Microsoft traffic profile overview
Microsoft traffic profile ensures the best performance characteristics for supported services and simplifies the configuration of rules governing traffic acquisition. Preconfigured fully qualified domain names (FQDNs) and IP ranges that are necessary for Microsoft services to function enable you define traffic acquisition behavior based on the Microsoft services that your organization is using.
Traffic forwarding in the Microsoft traffic profile
A traffic forwarding rules includes the Destination Type (IP or FQDN), Destination (specific FQDNs or IP ranges), Protocol (TCP or UDP), Ports, Traffic Category, and Action. Microsoft traffic profile derives the traffic forwarding rules from the Microsoft 365 IP and FQDN list and combines related services based on the traffic category. The traffic category details are described in the Microsoft 365 Network Connectivity Principles
You can configure traffic acquisition behavior for each rule according to specific needs of your organization. Configuring the action to Forward will instruct the Global Secure Access client and Remote Networks to acquire traffic. Configuring the rule action to Bypass will instruct the Global Secure Access Client and Remote Networks to skip traffic acquisition for FQDNs and IP ranges in that rule.
Important
When a rule is set to Bypass, the Internet Access traffic profile will not acquire this traffic. Even with the Internet Access profile enabled, the bypassed traffic will skip Global Secure Access acquisition and use that client's network routing path to egress to the Internet. Traffic available for acquisition in the Microsoft traffic profile can be only acquired in the Microsoft traffic profile.

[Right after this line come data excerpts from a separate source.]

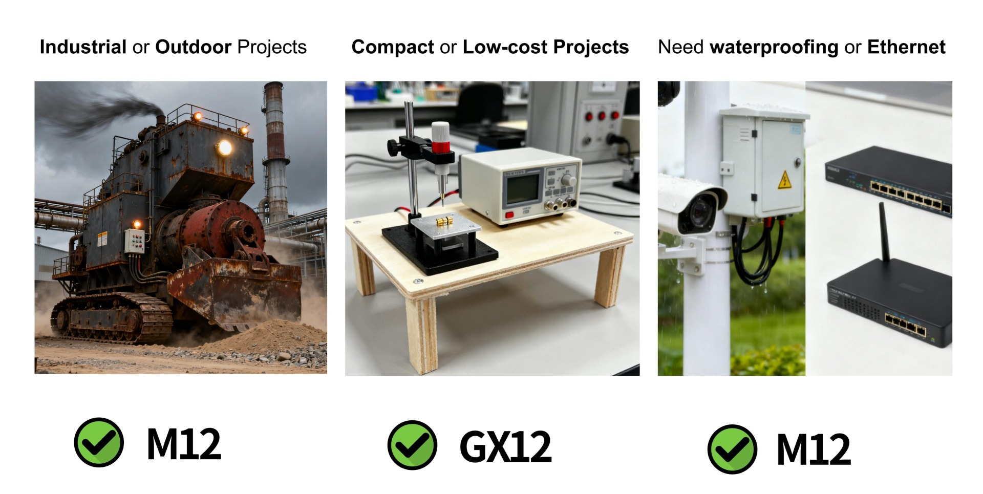 • For compact or low-cost projects → Choose GX12 connectors, ideal for small devices and bench projects.
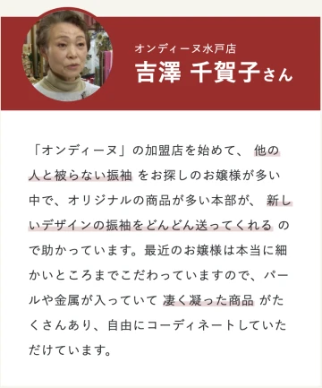 弊社のビジネスモデルは、問屋を介さずメーカーから 直接仕入れ をおこなうため、生産者には消費者のニーズを、消費者には高品質な振袖をリーズナブルに届けられるという、 三方良しのビジネスモデルが特長です。
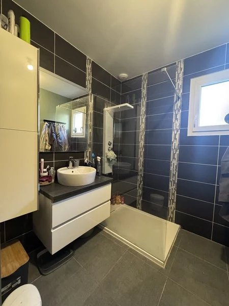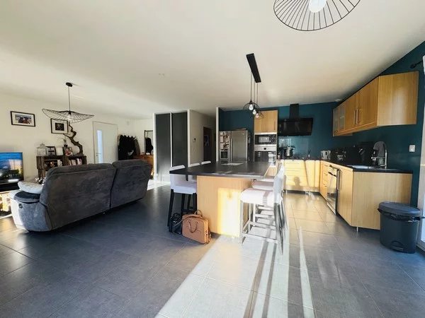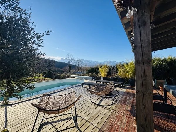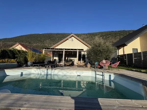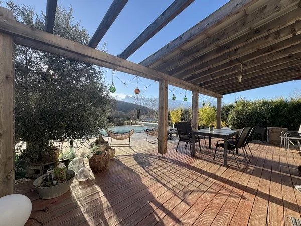 Maison rare dans ce secteur, de plain-pied, offrant une surface de 88 m² sur une parcelle de 1650m², complétée par une piscine chauffée et un garage. Profitez d'un système de chauffage performant combinant un plancher chauffant et un poêle à bois. De plus, des panneaux solaires sont installés, vous permettant non seulement de couvrir vos besoins en énergie, mais aussi de générer un revenu annuel d'environ 500 euros. Cette maison dispose d'une cuisine équipée ouverte sur un espace de vie lumineux, s'ouvrant directement sur une terrasse avec une vue imprenable sur le Vercors, trois chambres, une salle d'eau et des toilettes. A proximité : école primaire, bus. Agent Commerciale (RSAC) du Tribunal de Commerce de Grenoble sous le numéro 80377631900011 Mme Fiorani au O6 37 395 756 ou par mail jf.espaceimmo38@gmail.com
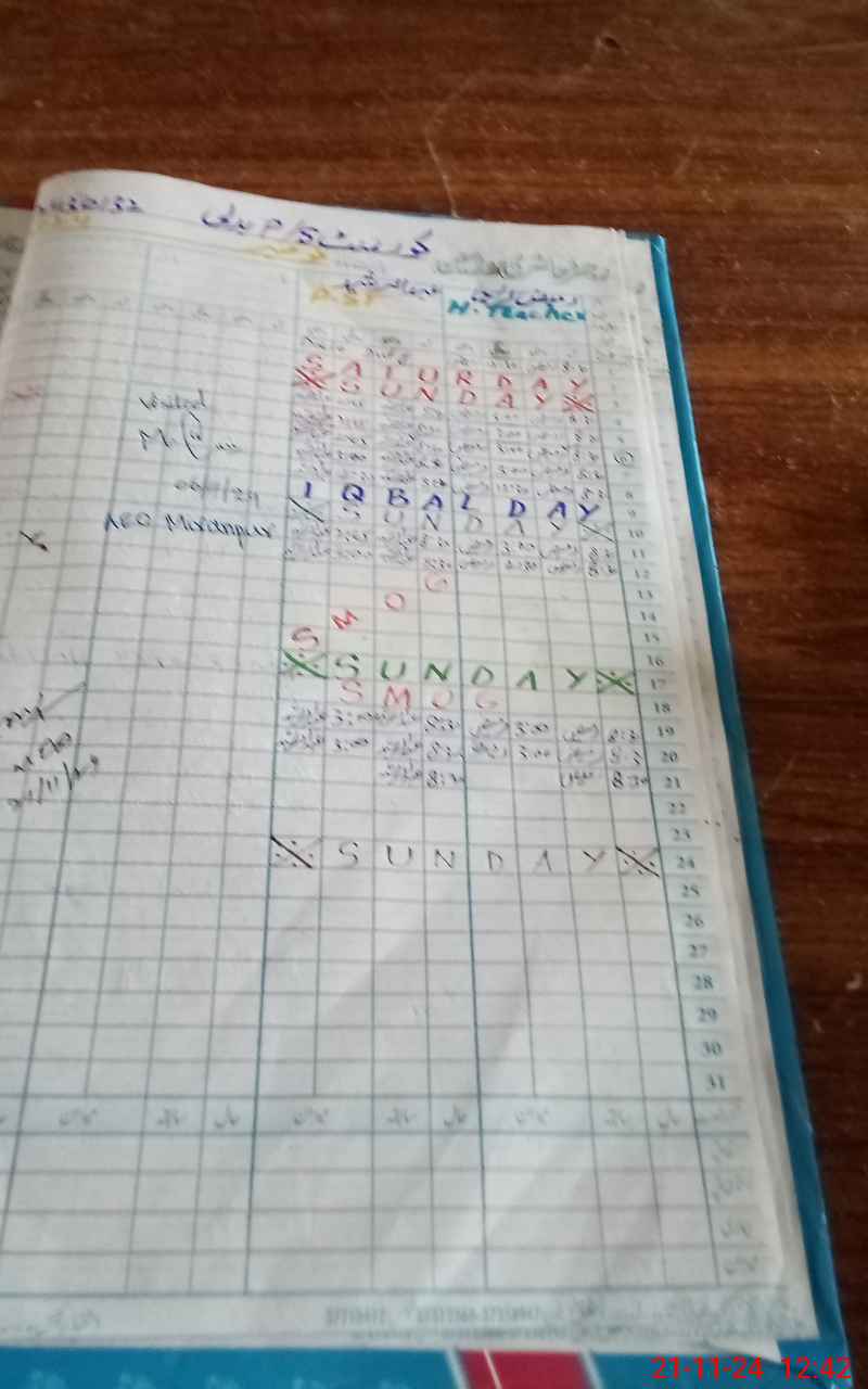 | CNIC | Full Name | Designation | R/C | Absence During Last Calender Month |
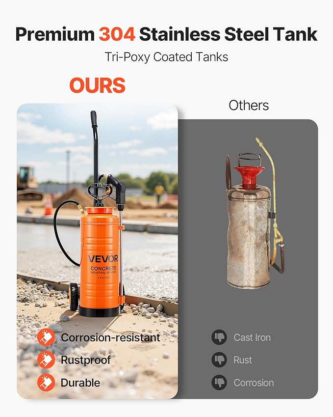 VEVOR Industrial Concrete Sprayer with Wheeled Cart, 3.5 Gallon Stainless Steel Sprayer, Heavy Duty Tri-Poxy Pump Sprayers, 20.5"Wand, 48" & 120"Hoses, 2 Brass Nozzles for Construction, Lawn & Garden
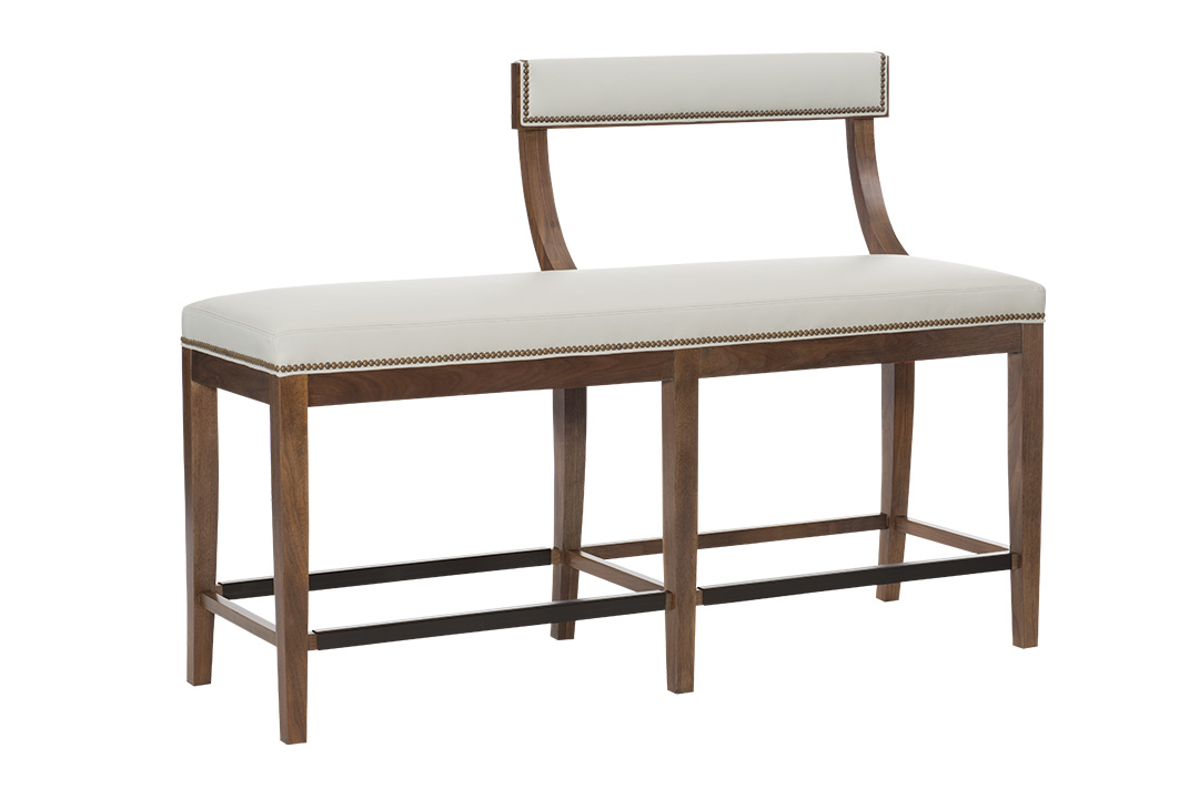 The asymmetrical Split Klismos Bench from Hickory Chair’s Ray Booth upholstery collection accommodates
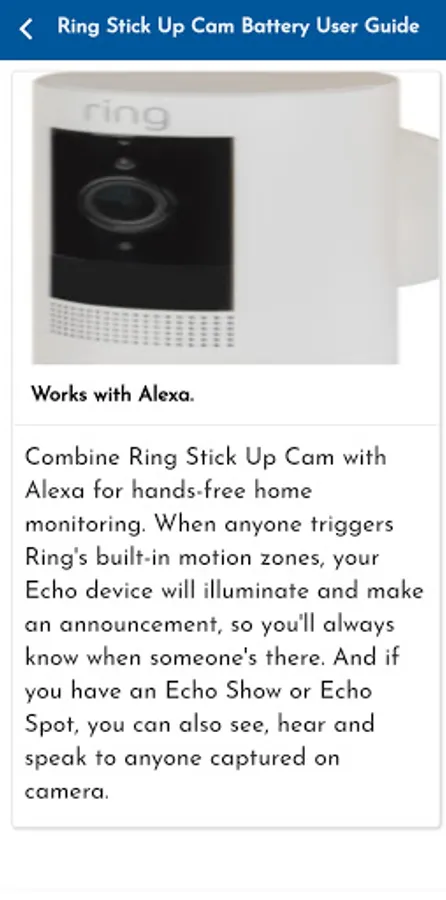 1. See, hear and speak to people from your phone, tablet or select Echo device with Stick Up Cam Battery, a battery-powered camera that can be mounted indoor or out.
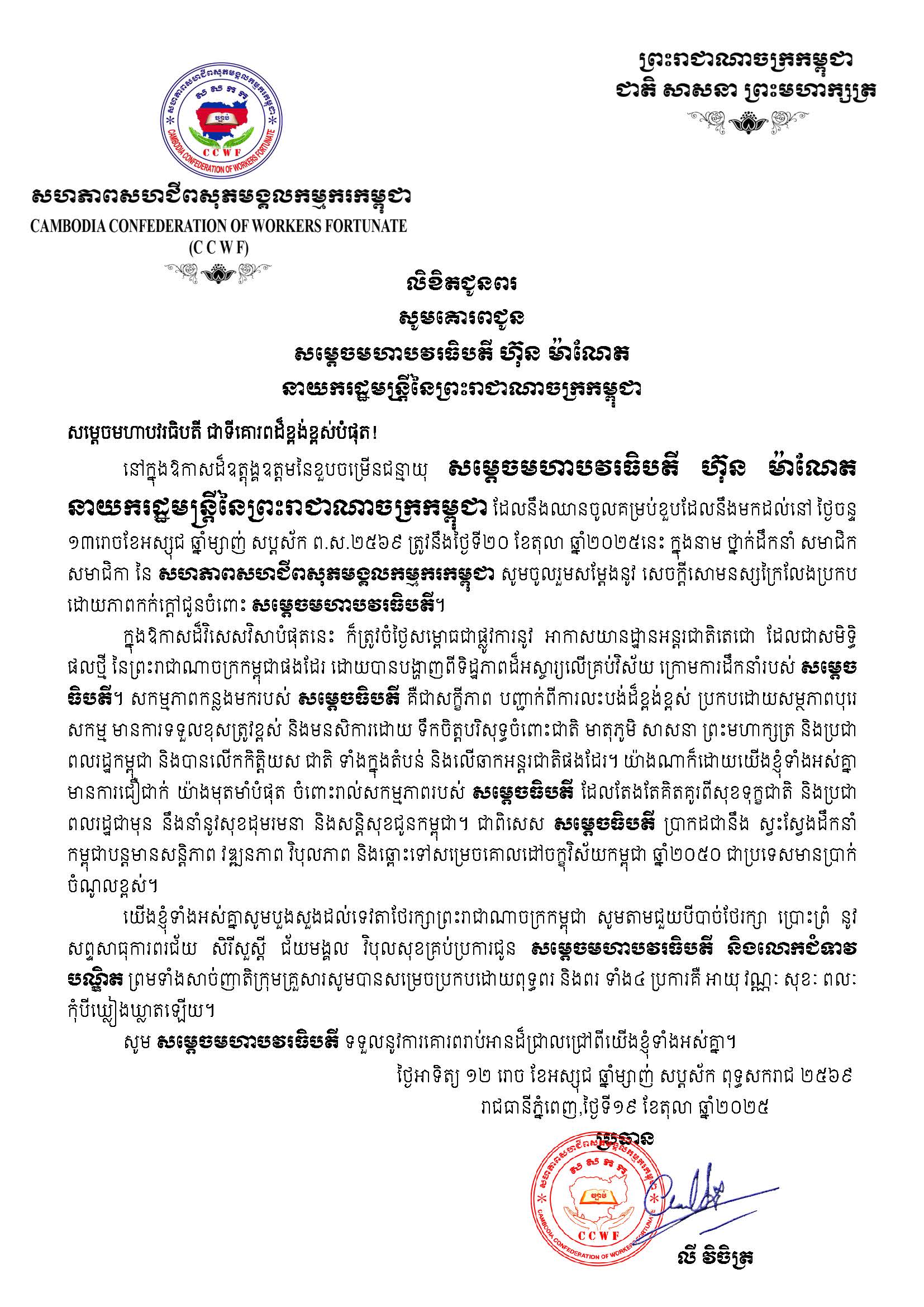 នៅក្នុងឱកាសដ៏ឧត្តុង្គឧត្ដមនៃខួបចម្រើនជន្មាយុ សម្ដេចមហាបវរធិបតី ហ៊ុន ម៉ាណែត នាយករដ្ឋមន្ត្រីនៃព្រះរាជាណាចក្រកម្ពុជា ដែលនឹងឈានចូលគម្រប់ខួបដែលនឹងមកដល់នៅ ថ្ងៃចន្ទ ១៣រោចខែអស្សុជ ឆ្នាំម្សាញ់ សប្តស័ក ព.ស.២៥៦៩ ត្រូវនឹងថ្ងៃទី២០ ខែតុលា ឆ្នាំ២០២៥នេះ ក្នុងនាម ថ្នាក់ដឹកនាំ សមាជិក សមាជិកា នៃ សហភាពសហជីពសុភមង្គលកម្មករកម្ពុជា សូមចូលរួមសម្ដែងនូវ សេចក្តីសោមនស្សក្រៃលែងប្រកប ដោយភាពកក់ក្តៅជូនចំពោះ សម្ដេចមហាបវរធិបតី។

Traffic rules are grouped based on the application type. You can enable or disable traffic acquisition for an entire group. When the group is enabled, you can control the behavior of individual rules separately. When the group is disabled, all traffic covered by the rules in that group is bypassed.
Default traffic acquisition behavior
When you enable the Microsoft traffic profile, the rule list available to you is populated based on the supported traffic rules at the time of the traffic profile enablement. When we introduce a new rule, it will become visible in your configuration in the Forward mode in the Microsoft traffic profile, and in Bypass mode in the Internet Access profile.